Что, если бы заговорил Бенуа-критик? Он заговорил бы негромко (как человек, привыкший к вниманию), с легкой гримасой скепсиса на губах (словно заранее знает, что скажет собеседник и как ему надо ответить), самоуверенно (лучший знаток мирового искусства!) и, конечно, увлеченно.
— "Ярмарки" Кустодиева? Это, пожалуй, интересно. Но… — тут последовала бы большая пауза, — там "дерутся краски". Нет европейской культуры.
Долгие годы Кустодиев, со свойственным ему затаенным самолюбием и неуверенностью в себе, читал статьи Бенуа и молча хмурился, не находя добрых слов о своих картинах… Впрочем, в последнее время критик стал к нему благосклоннее, гораздо благосклоннее.
Кустодиев перевел взгляд вправо… Константин Андреевич Сомов, фигура невозмутимая и уравновешивающая своим молчанием спорящих Добужинско-го и Милиоти.
Портрет его писался легко.

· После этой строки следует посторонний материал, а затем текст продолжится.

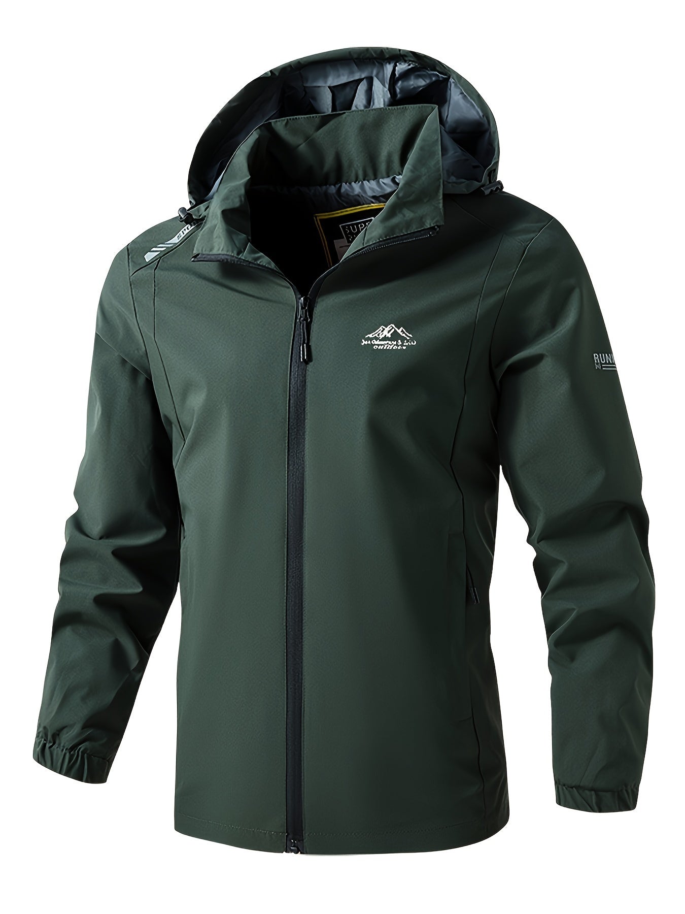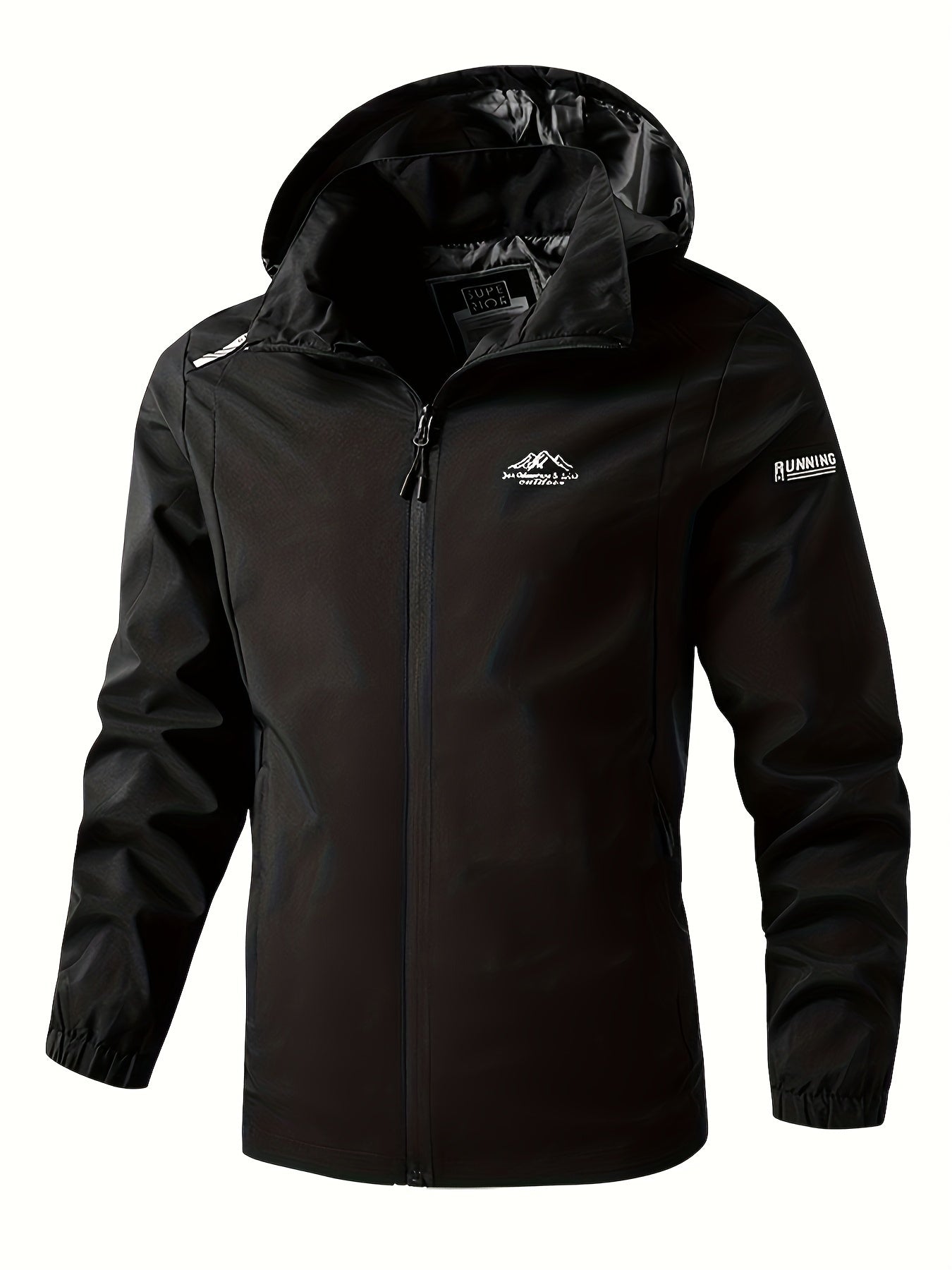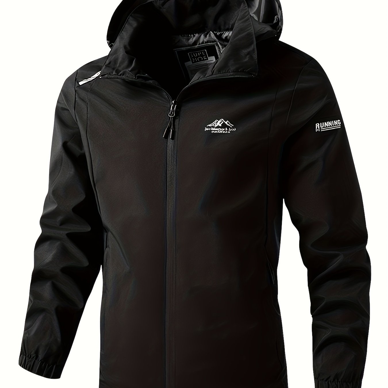 Men's Sports Hooded Blazer - Zippered Closure & Alphabet Pattern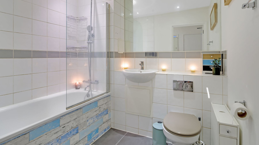 The homely, modern bathroom is finished to a high standard, complete with a bath with shower over, contemporary tiling, and a large mirror for a bright, spa-like feel.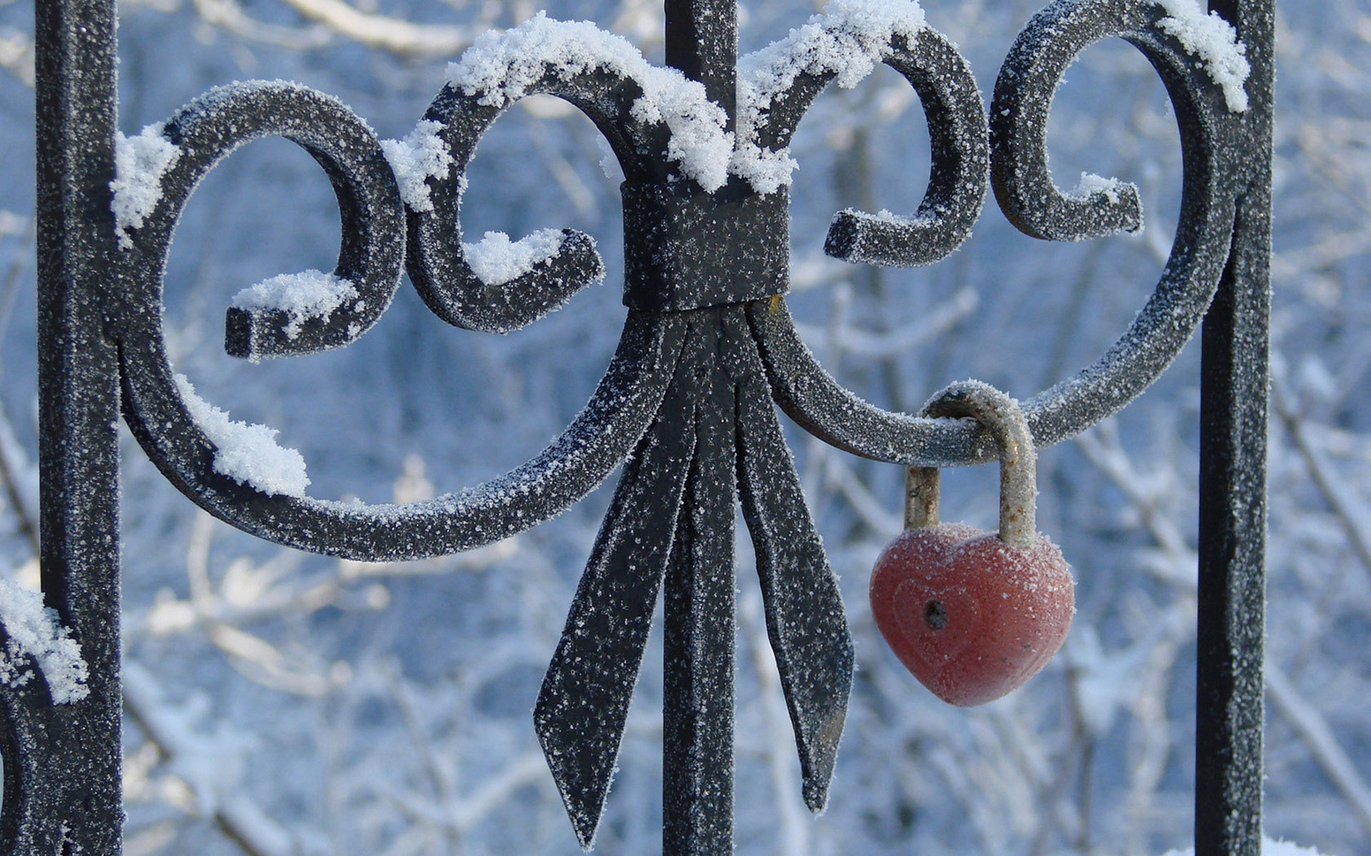 Description: A gate with a red ball hanging from it's side and snow on the ground behind it and trees in the background.
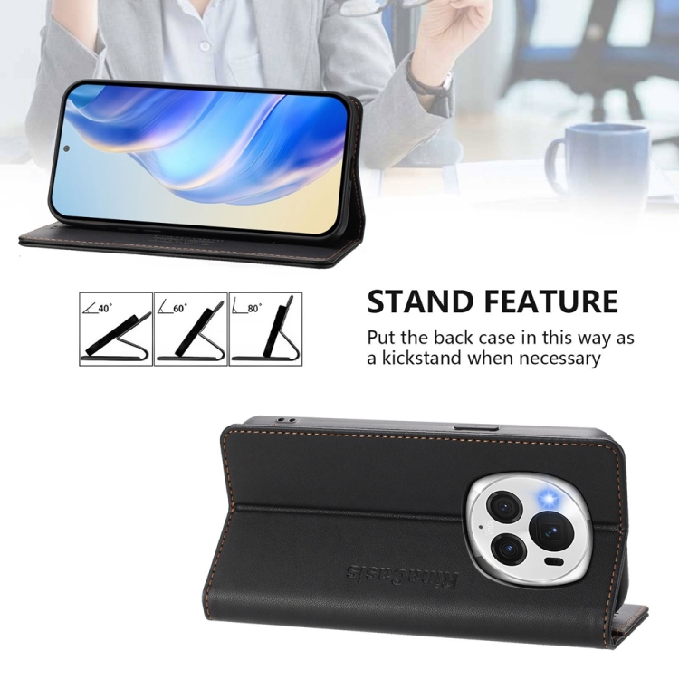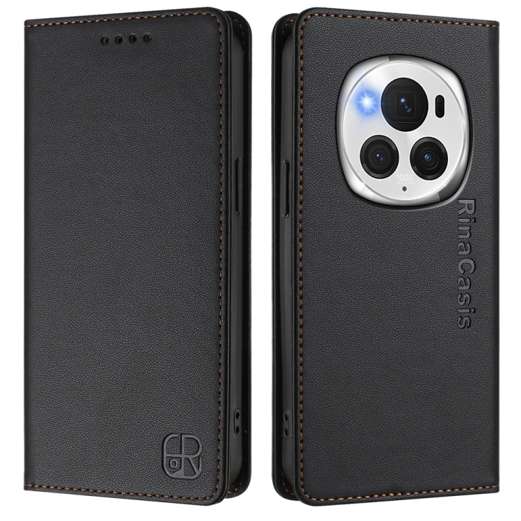 Funda de Cuero Rfid para Honor Magic6 Pro Global Rc01 con Doble Pliegue y Succión Magnética (Negra)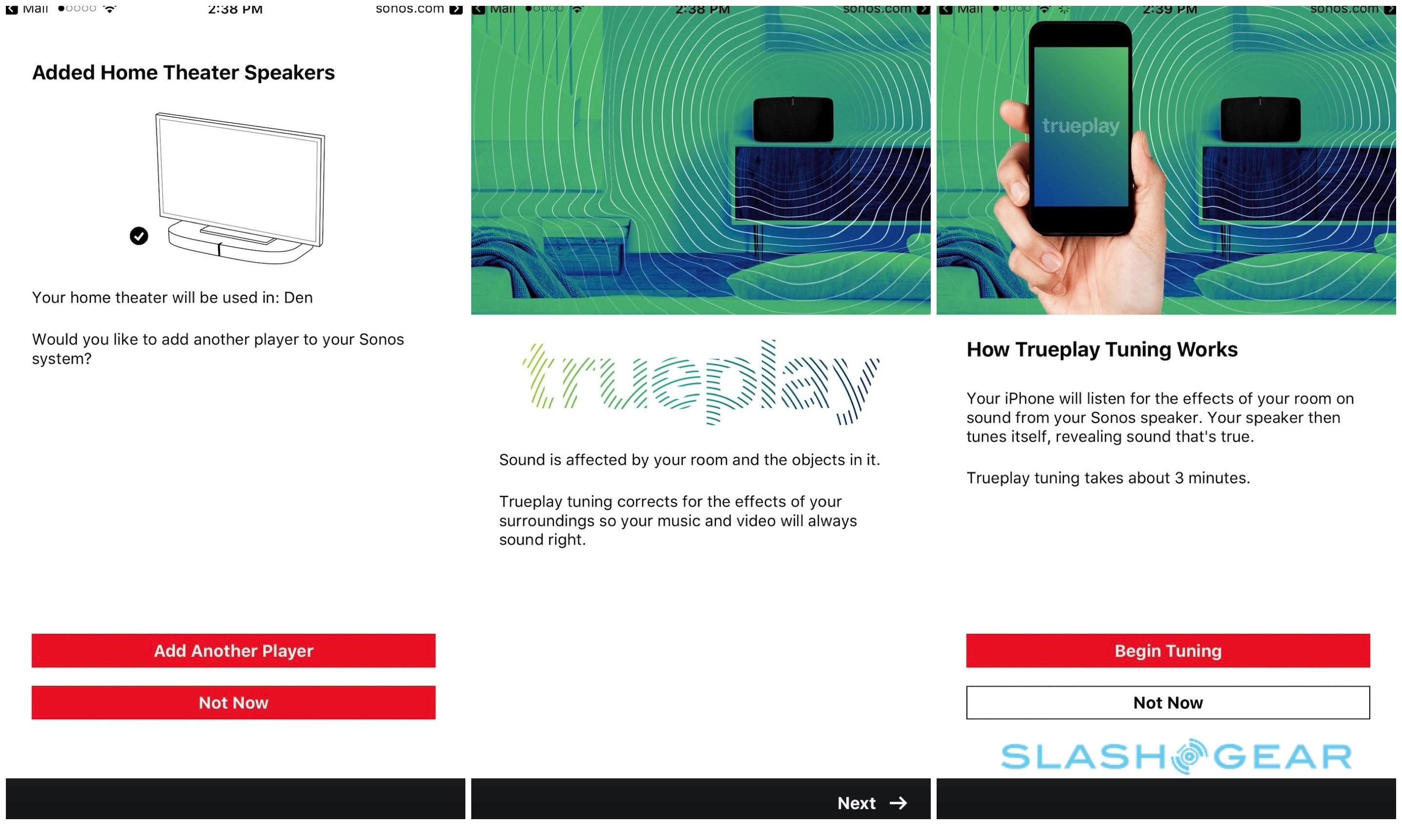 Launched in 2015, Trueplay basically uses your iPhone or iPad as a calibration microphone. First, you sit in your typical TV-watching position with the phone held at head-height, as a series of booming tones are played. Then, you walk slowly around the room, waving the phone up and down as more tones sound. After a few seconds' consideration, the PLAYBASE adjusts its own EQ settings to take into account reflective surfaces, walls that may be nearer on one side than the other, and other placement compromises.

Может быть, потому, что Кустодиеву он напоминал русского приказчика, хотя и носил волосы на французский пробор. Русские типы Кустодиеву всегда удавались. "А не обидится?.. Уж очень он похож на елочного херувима… и равнодушный", — сказала жена, увидев портрет Сомова. Белеет накрахмаленный воротничок, манжеты модной в крапинку рубашки, черный костюм отутюжен, холеные полные руки сложены на столе. На лице выражение невозмутимости, довольства…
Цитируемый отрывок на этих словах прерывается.